You are viewing a plain text version of this content. The canonical link for it is here.
Posted to dev@sling.apache.org by "Felix Meschberger (JIRA)" <ji...@apache.org> on 2012/07/17 17:03:34 UTC

[jira] [Created] (SLING-2535) QuartzScheduler:ApacheSling thread group remaining after stopping the scheduler bundle

Felix Meschberger created SLING-2535:
----------------------------------------

             Summary: QuartzScheduler:ApacheSling thread group remaining after stopping the scheduler bundle
                 Key: SLING-2535
                 URL: https://issues.apache.org/jira/browse/SLING-2535
             Project: Sling
          Issue Type: Bug
          Components: Commons
    Affects Versions: Commons Scheduler 2.3.4
            Reporter: Felix Meschberger


When the Scheduler bundle is stopped, the threads (probably the thread pool) is cleaned away but the thread group "QuartzScheduler:ApacheSling" remains. For ultimate cleanup, I would think the thread group should also be destroyed.

--
This message is automatically generated by JIRA.
If you think it was sent incorrectly, please contact your JIRA administrators: https://issues.apache.org/jira/secure/ContactAdministrators!default.jspa
For more information on JIRA, see: http://www.atlassian.com/software/jira

        

[jira] [Commented] (SLING-2535) QuartzScheduler:ApacheSling thread group remaining after stopping the scheduler bundle

Posted by "Ian Boston (JIRA)" <ji...@apache.org>.
    [ https://issues.apache.org/jira/browse/SLING-2535?page=com.atlassian.jira.plugin.system.issuetabpanels:comment-tabpanel&focusedCommentId=13487598#comment-13487598 ] 

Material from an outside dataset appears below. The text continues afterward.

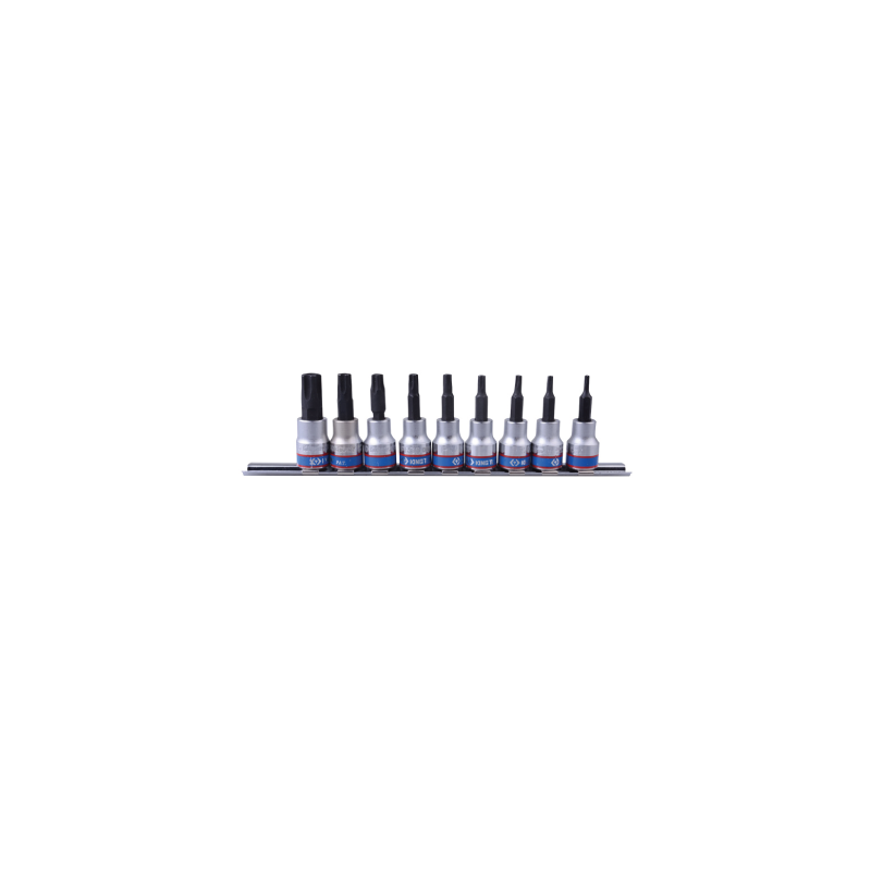 9 x soquete de bits resistente a adulteração de unidade de 3/8 de polegada TORX PLUS (IPR10, IPR15, IPR20, IPR25, IPR27, IPR30, IPR40, IPR45, IPR50), trilho e clipe de soquete de unidade de 3/8 de polegada.

Ian Boston commented on SLING-2535:
-----------------------------------

Testing in the trunk at 1403475 shows that the thread pool does shutdown if Sling has just been started and no jobs have been run.

31.10.2012 17:48:56.013 *INFO* [401258966@qtp-1399560387-11] org.apache.sling.commons.threads.impl.DefaultThreadPool Shutting down thread pool [ThreadPool-0a751a8b-e907-4993-806f-64923e3d85cd (Apache Sling Eventing Thread Pool)] ...
31.10.2012 17:48:56.013 *INFO* [401258966@qtp-1399560387-11] org.apache.sling.commons.threads.impl.DefaultThreadPool Thread pool [ThreadPool-0a751a8b-e907-4993-806f-64923e3d85cd (Apache Sling Eventing Thread Pool)] is shut down.

JMX records the Thread group disappears when the bundle unloads.
(My JDK is 1.6 Java HotSpot(TM) 64-Bit Server VM version 20.12-b01-434)

Default configuration on thread groups is to shutdown non gracefully so its not an issue with threads in the thread group being slow to terminate.

Looking at the code:

In org.apache.sling.commons.scheduler.impl.QuartzScheduler.QuartzThreadPool.shutdown(boolean) does nothing. 

QuartzThreadPool.shutdown is called by org.quartz.core.QuartzScheduler.shutdown(boolean) line 677.

        resources.getThreadPool().shutdown(waitForJobsToComplete);


The comment on org.apache.sling.commons.scheduler.impl.QuartzScheduler.QuartzThreadPool.shutdown(boolean) indicates that the pool is managed by the thread pool manager.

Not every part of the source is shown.